Thursday, April 16, 2009

Uncertainty

I have finally finished grading all of my students' papers and midterms. In fact, despite the fact that I was out of commission for 2.5 weeks taking my written doctoral exams, I have finished grading exams ahead of 3 of my coworkers. Hm.

Anyway, today I'm taking the day off from work. The only thing I need to do is plan for my class tomorrow, but I needed a day away from the office. Unfortunately, by 8 a.m. I was already fretting over finances and the future. This next year after June is all completely uncertain right now. Here's what I know:

1. My lease is up at the end of June.
2. My paychecks stop as of the middle of July, once my summer course is over.
3. I have no grants so far and need to fund dissertation research in Spain on my own.
4. The likelihood of getting any substantial support from my university is slim to none.

I have estimated the likely costs that I'll incur over the next year, between tuition/registration/fees at the university, health insurance (not counting my $20 per pill prescriptions), living costs in the US for six months, and living costs in Spain for six months. My not-so-scientific estimate is that all of this combined might add up to around $28,000.

Keep in mind that I have never made more than $13,000 per year, and after July I will have no paychecks coming.

The very sketchy plan is that I would head to Spain for up to 90 days sometime after July, come back to the States and work through the spring (at least for another 90 days, until I can return on a new visa, but also will have to find more money to go back), and then return to Spain in the late spring or summer for another 90 days, then come back for good.

Problems with this plan:
1. As of right now, I don't have the money to do any of this. Even with loans, I'm not sure how to get up to $28,000...
2. I would have to either move out of my apartment or get my landlord to extend my lease after June until I can leave for Spain.
3. When I would return from Spain, I would have no place to live.
4. I have absolutely NO idea what to do with my cat for these 12 months. One negative of being constantly alone and having virtually no support system in town is that there is no one who can take care of him here, and shipping him off to live with my parents is less than ideal for many reasons. But I have no other real options right now.
5. When I would return from Spain, I have no idea if there would be any job available. Because my department is 97% dependent on state funds, they're cutting GTA funds, and since I have already had 4 years of funding, it is possible that they will be unable to give me any financial support (in employment or otherwise) for the rest of my doctoral program. The economy stinks here right now, and I am not sure what, if anything, would be available for a 28-year old, A.B.D. European history expert who has been in academia for the last 23 years and has a number of physical limitations on the kind of work she can do.
6. When I would return from Spain, I am not sure if I would have to rent an apartment for more than 3 months - would I have to be paying rent on an apartment while also paying for research in Spain in the summer? I am not sure if it would be easier or harder to do it this way.
7. If I send my cat off to my parents' apartment in the fall, could I bring him back to live with me in the spring? If so, would I have to ship him away again in the summer? That seems awfully traumatic for such a scared and untrusting creature. But could I live for 12 months completely without him? He's my baby. He's my only companion many days.

I'm sure there are more problems that I'm not thinking about. Things like dealing with my medicine, trying to apply for grants while in Spain, trying to *find* new grants to apply for that haven't already rejected me twice, etc.

Everything is just so uncertain.

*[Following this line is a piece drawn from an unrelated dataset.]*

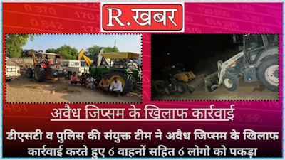 पुलिस के अनुसार पुलिस महानिरीक्षक रेंज बीकानेर ओमप्रकाश, जिला पुलिस अधीक्षक अनूपगढ राजेन्द्र कुमार, अतिरिक्त पुलिस अधीक्षक रायसिंहनगर किशोर बुटोलिया, वृताधिकारी खाजूवाला विनोद कुमार के सुपरविजन में डीएसटी टीम अनूपगढ़ व पुलिस थाना छतरगढ़ की संयुक्त टीम द्वारा 11 सितंबर मध्य रात्रि को खाजूवाला के चक 6 एसजेएम में अराजीराज व वन विभाग की भूमि पर अवैध जिप्सम खनन की सूचना पर दोनों टीमों द्वारा संयुक्त कार्रवाई कर दो जेसीबी, दो कैंपर गाड़ी, एक लोडर ट्रैक्टर बिना नंबर, एक ट्रैक्टर ट्राली बिना नंबर मौके पर मिले। ट्रैक्टर ट्राली में लगभग 1 टन अवैध जिप्सम भरा हुआ था। मौके पर खनन कार्य चल रहा था। जिसपर इन वाहन के साथ वहाँ कार्य कर रहे 6 जानो को भी पुलिस ने पकड़ा है। जिनमे शिवकुमार बिश्नोई निवासी 6 एसजेएम, देवीलाल नायक निवासी चक 2 जेएसएम घड़साना, देवीलाल कुमार निवासी 2 जीडी घड़साना, इमीलाल बिश्नोई निवासी आनंदगढ़, मुकेश जाट निवासी अजीतमाना लूणकरणसर व सुभाष चंद्र कुम्हार निवासी नई मंडी घड़साना को डिटेन कर थाने आए व वाहनों को थाना परिसर में खड़ा किया। अग्रिम कार्रवाई के लिए खनन विभाग बीकानेर को सूचना दी गई है।

It's awful, but for a brief minute I wished I were married. Most of these problems would either not exist or would at least be lessened if I weren't having to do it all alone. I wouldn't have to worry about a place to live, wouldn't have to try to fund everything myself despite no job, wouldn't have to worry about Dominic... I know that's awful. Married couples have just as many if not more concerns. But sometimes it gets very old being one of the only single people in my office. Almost everyone I work with has a partner to go through all of this with, while I... I have to deal with chronic migraines and fatigue and all the physical crap, plus the work, and the funding issues, and everything else alone.

So yeah, with all of this (which I worked through between about 7:30 and 10:30 this morning), I'm taking the day off. I'm stressed out.

1 comment:

TheDiversePhD said...

I'm so sorry all of this is happening, I'm sending you a big hug. I think grad students can file for ferderal student loans/aid at anytime of the year even after the official deadline. I really hope something pans out for you.